Chief Judge of the 10th District of Wisconsin circuit courts
- In office August 1, 1978 – June 30, 1983
- Preceded by: Position established
- Succeeded by: James P. Fiedler

Wisconsin Circuit Judge for the Trempealeau circuit
- In office August 1, 1978 – June 30, 1983
- Preceded by: Position established
- Succeeded by: Richard Galstad

Judge of Trempealeau County, Wisconsin
- In office July 12, 1949 – July 31, 1978
- Appointed by: Oscar Rennebohm
- Preceded by: Albert Twesme
- Succeeded by: Position abolished

Personal details
- Born: May 4, 1914 Galesville, Wisconsin, U.S.
- Died: June 21, 1995 (aged 81) Galesville, Wisconsin, U.S.
- Resting place: Pine Cliff Cemetery, Galesville, Wisconsin
- Parent: Albert Twesme (father);
- Education: University of Wisconsin Law School
- Profession: Lawyer

Military service
- Branch/service: United States Navy
- Years of service: 1942–1946
- Rank: Lieutenant, USN
- Unit: USS Colorado (BB-45)
- Battles/wars: World War II Pacific War; Occupation of Japan;

= Albert L. Twesme =

20th century American judge

Albert L. "Bud" Twesme (May 4, 1914 – June 21, 1995) was an American lawyer and judge from Trempealeau County, Wisconsin. He was county judge of Trempealeau County for 29 years, and was then the first chief judge of the 7th district of Wisconsin circuit courts, serving from 1978 until his retirement in 1983.

==Biography==
Albert L. Twesme was born May 4, 1914, in Galesville, Wisconsin, which would be his primary residence for his entire life. He graduated from Galesville High School in 1932 and went on to attend the University of Wisconsin, graduating from the University of Wisconsin Law School in 1940.

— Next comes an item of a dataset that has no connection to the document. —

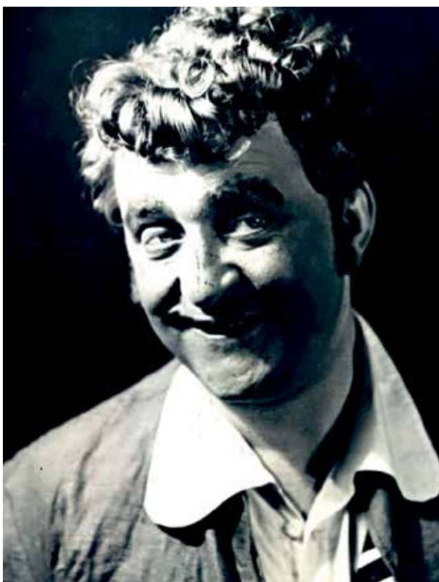
Oldřich Velen jako Sganarelle v Molièrově Donu Juanovi (1952)

Jako jedna z mála slavných hereček navíc nikdy nepřešla k divadlu do Prahy, po angažmá v Olomouci zůstala po celý život členkou činohry Národního divadla v Brně. I zde však dokázala díky prvotřídnímu charakternímu herectví získat renomé přední české divadelní herečky. Koncem sedmdesátých let musela vystupování omezit ze zdravotních důvodů, dále však v osmdesátých a devadesátých letech natáčela v televizi, dokonce se vrátila k filmu roli v Cieslarově snímku Někde je možná hezky. Vlasta Fialová zemřela těsně před svými sedmdesátými narozeninami v lednu roku 1998 v rodném Brně. ■
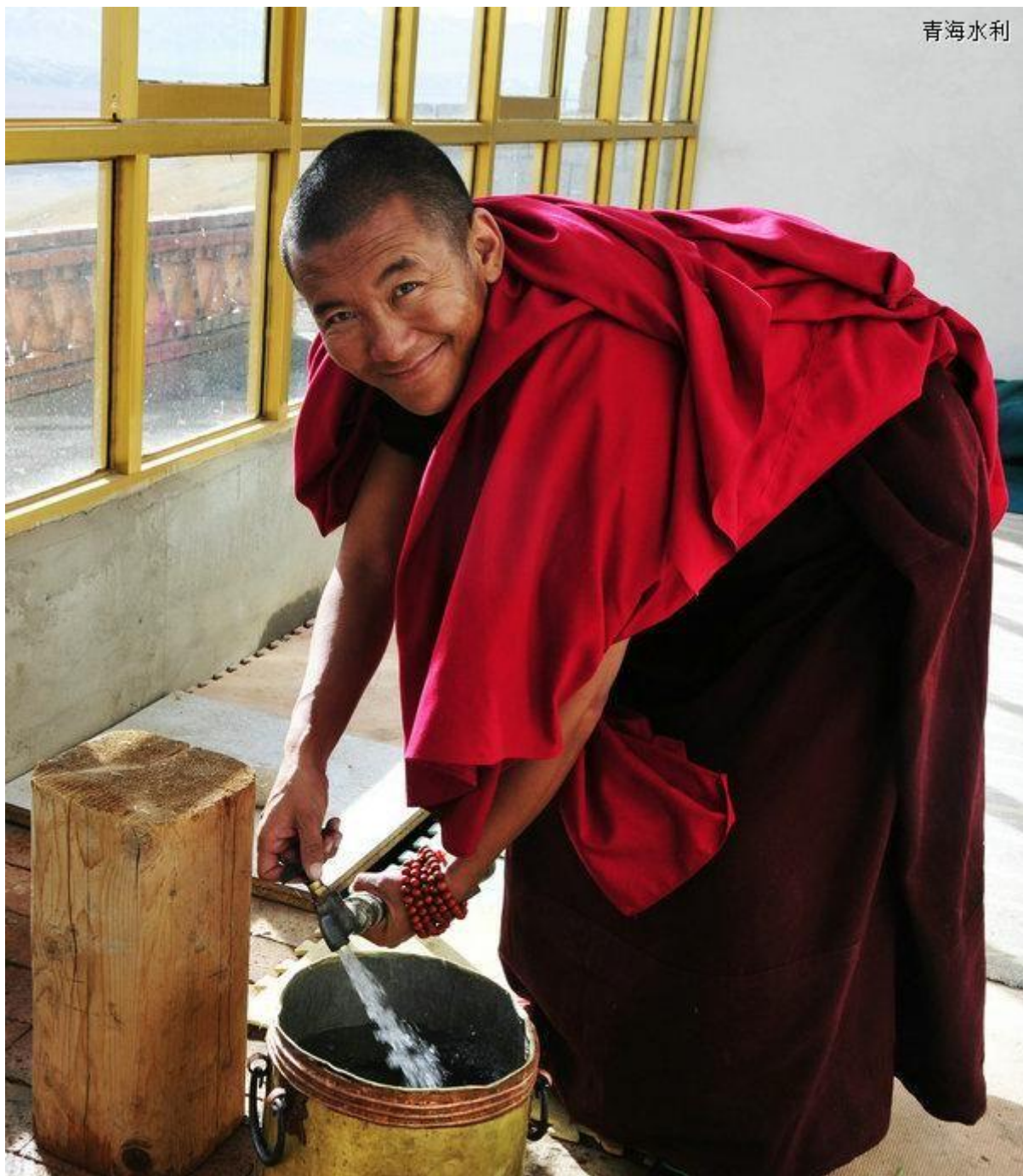
如今我们已实现了村村通，户户通。包括边远的寺院。

He practiced law in partnership with his father for a short time before the outbreak of World War II. After the attack on Pearl Harbor, he quickly registered for service and was commissioned as an officer in the United States Navy in March 1942. He served as a legal officer aboard the battleship USS Colorado through all of its participation in the Pacific War, seeing battle at Tarawa, Kwajalein, Eniwetok, Saipan, Tinian, Guam, Leyte, Mindoro, Luzon, and Okinawa. At the end of the war, he was present at the Surrender of Japan and then served for about six months with the post-war Occupation of Japan.

After the war, he returned to the practice of law. His father was appointed county judge in 1946, but died three years later. A few days after his father's death, Governor Oscar Rennebohm appointed him to fill out the remainder of his father's term. Twesme was subsequently elected to a full term as judge, and was then re-elected four times, serving until the office of county judge was abolished in 1978. The 1978 transformation of the Wisconsin court system saw Twesme transitioned to become a Wisconsin circuit judge, and the Wisconsin Supreme Court selected him to serve as chief judge of the tenth district of Wisconsin circuit courts.

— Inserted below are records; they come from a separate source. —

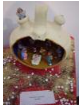
Salusán Geriatria Sevilla
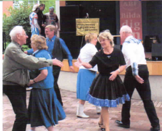
Från uppvisningsdansen vid Huddingedagarna 2009
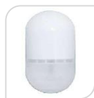
SE- MC-565R € 52,00

Sensore di movimento a infrarossi intelligente PIR, Tensione di lavoro 3V, batteria al litio 1*CR123A, Immunità animale meno di 10kg, segnale batteria scarica, 120m distanza di emissione wireless (distanza aperta), Distanza di rilevamento: 12m@25, C, angolo di rilevamento: 110.

He served about five years as chief judge before announcing his retirement in the Spring of 1983. He ultimately retired in June 1983, but continued to serve as a reserve judge around the state for several years after.

While serving as a judge, he served terms as president of the Wisconsin Board of County Judges, the Wisconsin Board of Criminal Court Judges, the Wisconsin Trial Judges Association, the Juvenile Court Judges Association, and the Tri-County Bar Association. He served as a faculty advisor to the National Judicial College and served as a significant contributor to the Wisconsin Uniform Jury Instruction Book.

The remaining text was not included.